Model	Success Rate	Avg Time (s)	Total Cost	Cites All	Not Para	Cites Sections	Overall Quality
Claude Haiku 3.5	100.0%	3.15	$0.013560	0.90	0.70	0.90	0.83
Deepseek	100.0%	11.04	$0.007277	0.90	0.90	0.60	0.80
GPT-O3	100.0%	11.54	$0.021297	0.90	0.90	0.60	0.80
Claude Sonnet 4	100.0%	2.73	$0.048360	0.90	0.90	0.60	0.80
Gemini 2.5 Flash	100.0%	1.42	$0.005431	0.90	0.80	0.60	0.77
Claude Opus 4.1	100.0%	4.31	$0.252825	0.90	0.60	0.80	0.77
GPT-5 Nano	100.0%	12.70	$0.009882	0.80	0.80	0.50	0.70
Gemini 2.5 Pro	100.0%	2.34	$0.030156	0.70	0.80	0.40	0.63
GPT-5	60.0%	23.68	$0.083575	0.50	0.50	0.30	0.43

This table highlights a number of interesting findings. First we can see all but Chat-GPT 5 was successful in creating a response to queries. On the inspection of the 4 queries that failed, all encountered an error:

HTTPSConnectionPool(host=‘api.openai.com’, port=443): Read timed out. (read timeout=60)

This is a timeout error, this tells us complex questions will make GPT-5 fail, so very quickly highlights that this Model is not suitable for the task.

We also see all GPT models suffering in the speed department, with each query being slower by up to 22 seconds, but on average around 8 seconds slower per query. This is a problem I believe will only increase as the size of the markdown files increase, so it is a point of concern.

Model	Avg Input Tokens	Avg Output Tokens	Input Range	Output Range	Token Efficiency
Gemini 2.5 Flash	873	108	751-1017	17-290	Very High
Deepseek	841	156	740-969	5-290	High
GPT-5 Nano	876	2061	809-973	1092-4779	Very Low
Claude Haiku 3.5	924	109	825-1082	32-293	Very High
GPT-O3	848	762	747-966	277-1461	Medium
Gemini 2.5 Pro	867	113	813-971	7-290	Very High
Claude Sonnet 4	936	135	825-962	30-293	High
Claude Opus 4.1	907	175	825-962	103-343	High
GPT-5	851	1087	747-973	699-1449	Low

The averages for each token usage is incredibly high for each GPT model, also contributing to their slower response times.
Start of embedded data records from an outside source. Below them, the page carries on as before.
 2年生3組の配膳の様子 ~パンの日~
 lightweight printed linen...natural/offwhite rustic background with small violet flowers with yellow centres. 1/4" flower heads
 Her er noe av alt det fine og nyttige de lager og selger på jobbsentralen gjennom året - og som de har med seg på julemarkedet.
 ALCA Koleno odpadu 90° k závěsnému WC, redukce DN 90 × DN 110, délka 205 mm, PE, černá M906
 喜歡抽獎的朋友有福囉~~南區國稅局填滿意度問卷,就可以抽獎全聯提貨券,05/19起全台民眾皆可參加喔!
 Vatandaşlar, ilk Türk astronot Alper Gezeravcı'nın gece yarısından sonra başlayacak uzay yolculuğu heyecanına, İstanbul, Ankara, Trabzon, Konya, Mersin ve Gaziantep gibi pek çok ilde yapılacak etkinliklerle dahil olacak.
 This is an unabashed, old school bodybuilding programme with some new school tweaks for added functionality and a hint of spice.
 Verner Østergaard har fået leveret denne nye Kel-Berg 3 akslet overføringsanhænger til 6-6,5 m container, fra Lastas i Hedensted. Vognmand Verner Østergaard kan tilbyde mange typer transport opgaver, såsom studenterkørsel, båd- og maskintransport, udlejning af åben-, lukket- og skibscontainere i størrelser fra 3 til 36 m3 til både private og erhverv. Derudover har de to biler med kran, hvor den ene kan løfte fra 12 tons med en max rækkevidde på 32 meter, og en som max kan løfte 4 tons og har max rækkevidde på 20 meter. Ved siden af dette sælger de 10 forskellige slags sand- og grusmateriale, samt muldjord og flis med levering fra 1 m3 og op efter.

All 3 Anthropic Models are relatively expensive for the amount of queries used, so cost wise that is a considerable factor when scaling up.

We can see however that the current model we use, Claude Haiku 3.5, on average hit the evals the most often, with only paraphrasing being its real low point, but was more accurate with providing all information and citing it correctly, so absolutely a good sign that we are on the right track.
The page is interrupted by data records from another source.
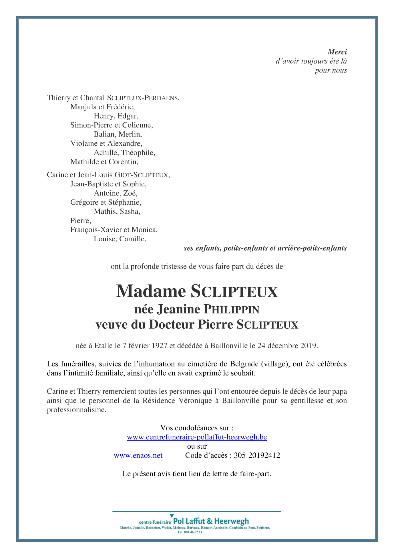 Died in Baillonville (5377) on 24 December 2019 at the age of 92 years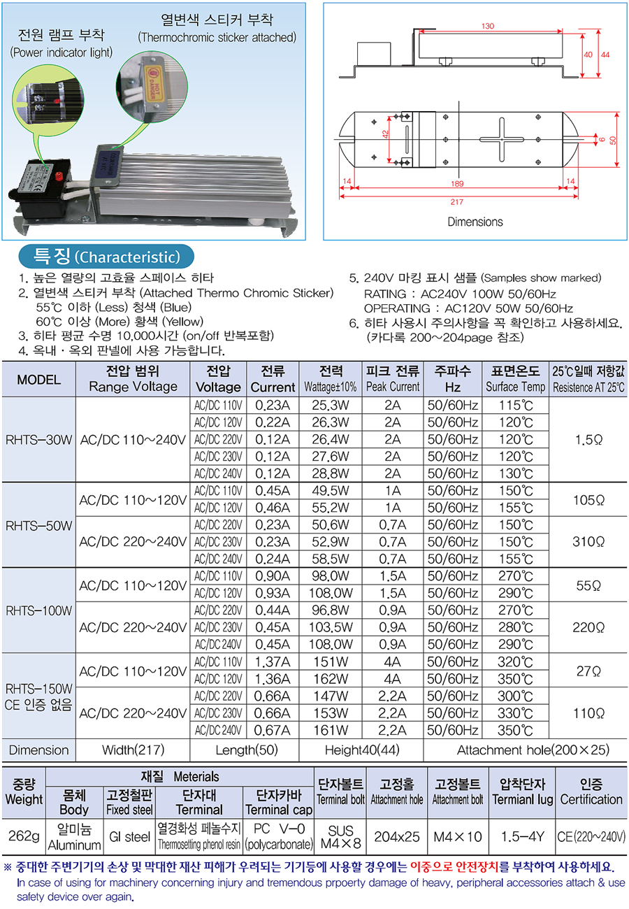 | 표면온도 | RHTS-30W : 120°C RHTS-50W : 150°C RHTS-100W : 270°C RHTS-150W : 330°C |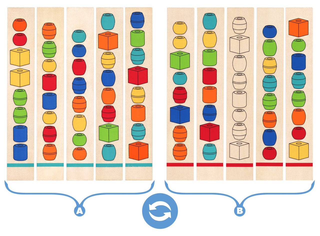 Djeca umeću šarene oblike u drvene štapiće kako bi kreirali uzorak s predloška. Predlošci su različitih težina. Potiče razvoj okulomotorne koordinacije djece, vizualne percepcije te razmišljanja.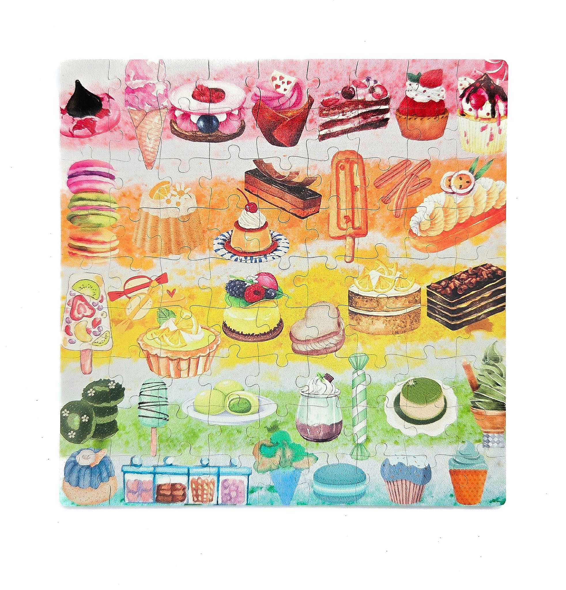 The Meredith's Delights Magnetic Puzzle contains a magnetic mat broken into three puzzle pieces. When assembled, the magnetic mat measures 8” x 16.”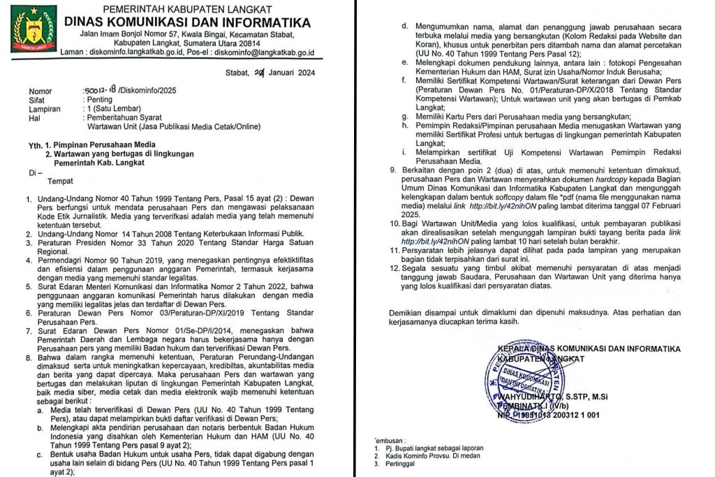 AXIALNEWS.id | Puluhan wartawan di Kabupaten Langkat resah atas dugaan pelanggaran regulasi surat edaran Kadis Kominfo Pemkab Langkat Nomor : 500-12-18/Diskominfo/2025.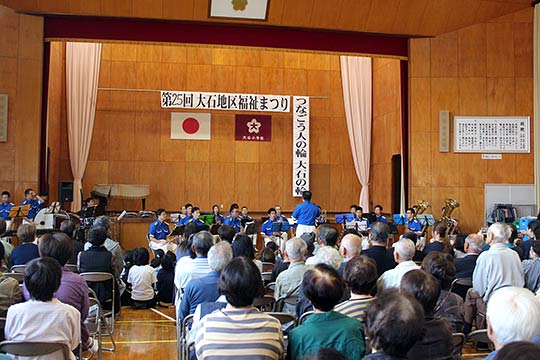 最高齢者表彰やシルバー保安官への感謝状贈呈、大石小学校児童による福祉学習の発表、久留米広域消防音楽隊による演奏と火災予防等への注意喚起、福祉施設による物販、手工芸品の展示等様々な催しがありました。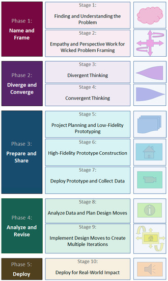 In the revised DTEL model, the design thinking process involves five phases broken down into ten stages (Figure 8).
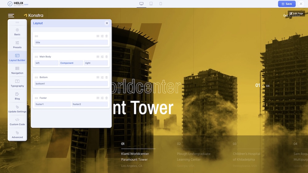Note #2: The Template has additional module positions, although they are not visible in Layout Builder, which can be used to display modules above and below the component area.

Another thing that was initially baffling to me is the lack of quality from higher grade models. As I am unsure on the specifics of why these responses were bad, I am making an educated guess that it is due to the natural language systems being better in these models, so wanting to add unnecessary information to each response, so it in turn lowers the evaluation metric in turn. This is an important point to consider in future, as better responses could be made with these models, but they require better fine tuning to get them to work at a more effective rate.

Conclusion

Overall, I think the best balance for the current system is still the Claude Haiku 3.5 Model. It has the best overall quality according to the evaluation metrics previously made, with the 4th fastest response time (which may be lower with caching as the quality is better overall, so fewer responses will need to be duplicated and remade to be better for the user to find it helpful). The only downside is that it is slightly more costly than the next best on in my opinion, Gemini 2.5 Flash.
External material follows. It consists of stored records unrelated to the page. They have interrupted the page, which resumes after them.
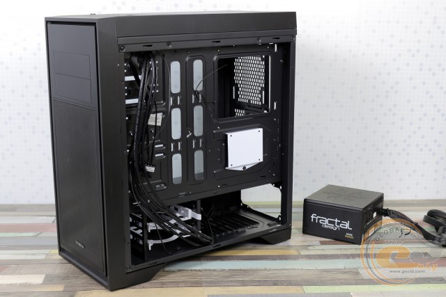 Кошик для жорстких дисків дещо обмежує довжину джерела живлення. В принципі, сюди помістяться 170-мм моделі (з 40-мм простором для кабелів живлення), проте найзручніше буде підключити звичайне рішення з довжиною 140-мм (на фото компактна 650-Вт модель Fractal Design INTEGRA M 650W).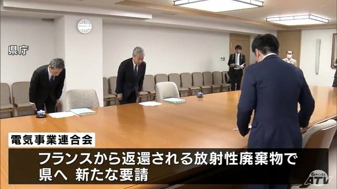 大手電力会社で構成する電気事業連合会の佐々木敏春副会長らは、宮下宗一郎知事を訪ね、フランスから返還される放射性廃棄物について新たな要請をしました。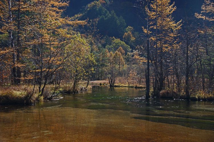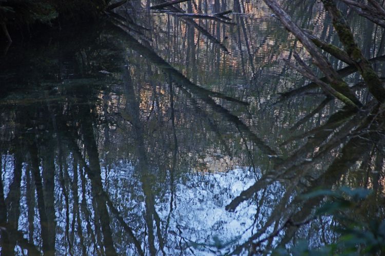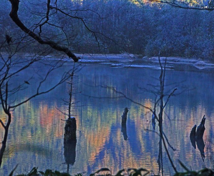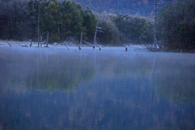 川霧と光の 仕業か 水面に紅葉の木々が 写り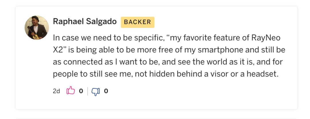 有众筹用户提及:“我最喜欢的RayNeo X2功能是能够更加自由地摆脱智能手机,并且仍然看到世界本来的样子,并且让人们仍然能够看到我,而不是隐藏在护目镜或头显后面。”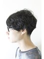 刈上げボブ、ニュアンス程度にカールをつけ、無造作な動きが出るようにしています。どこか大人の雰囲気漂うエイジレスなヘアースタイル。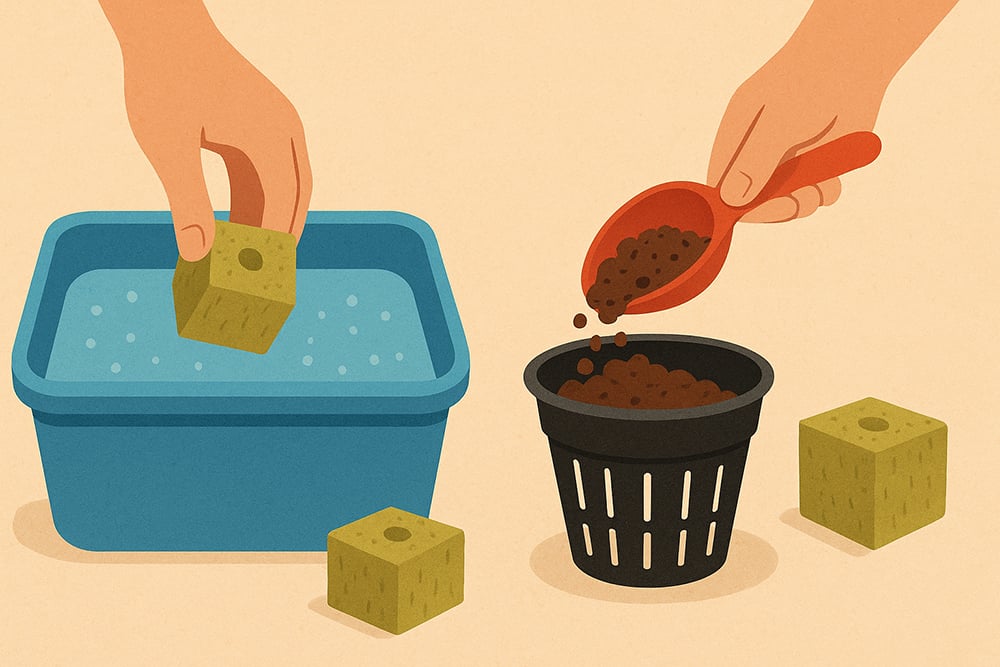 Pre-soak rockwool cubes in pH-adjusted water (5.5-6.0) to condition them for plant use. Fill net pots with your chosen medium, ensuring adequate support while maintaining proper drainage.

2.5 Flash had the fastest times of all models (a blisteringly fast 1.42s per query response), and its only failure was the lack of citations/ incorrect citations, so possibly with some tweaking this model could work even better than the current model place, for 1/3 the cost of the Haiku 3.5 Model.

As a budget option, Deepseek also had a number of good qualities. It was obviously the cheapest, and had the 2nd(!) best quality according to our previous evaluation metrics. It did however have some issues with speed. It took around 11s per response, so for new documents this is a massive drop in speeds initially.

In conclusion, there is the 3 options to consider: Deepseek for high quality responses at a cheap rate for slow speed, Gemini 2.5 Flash for a good combination for both speed and quality, but needs further tweaking to be considered better than the third option, our current model in place, Claude Haiku 3.5, with the best quality, 3rd fastest speed and 2nd most cost effective.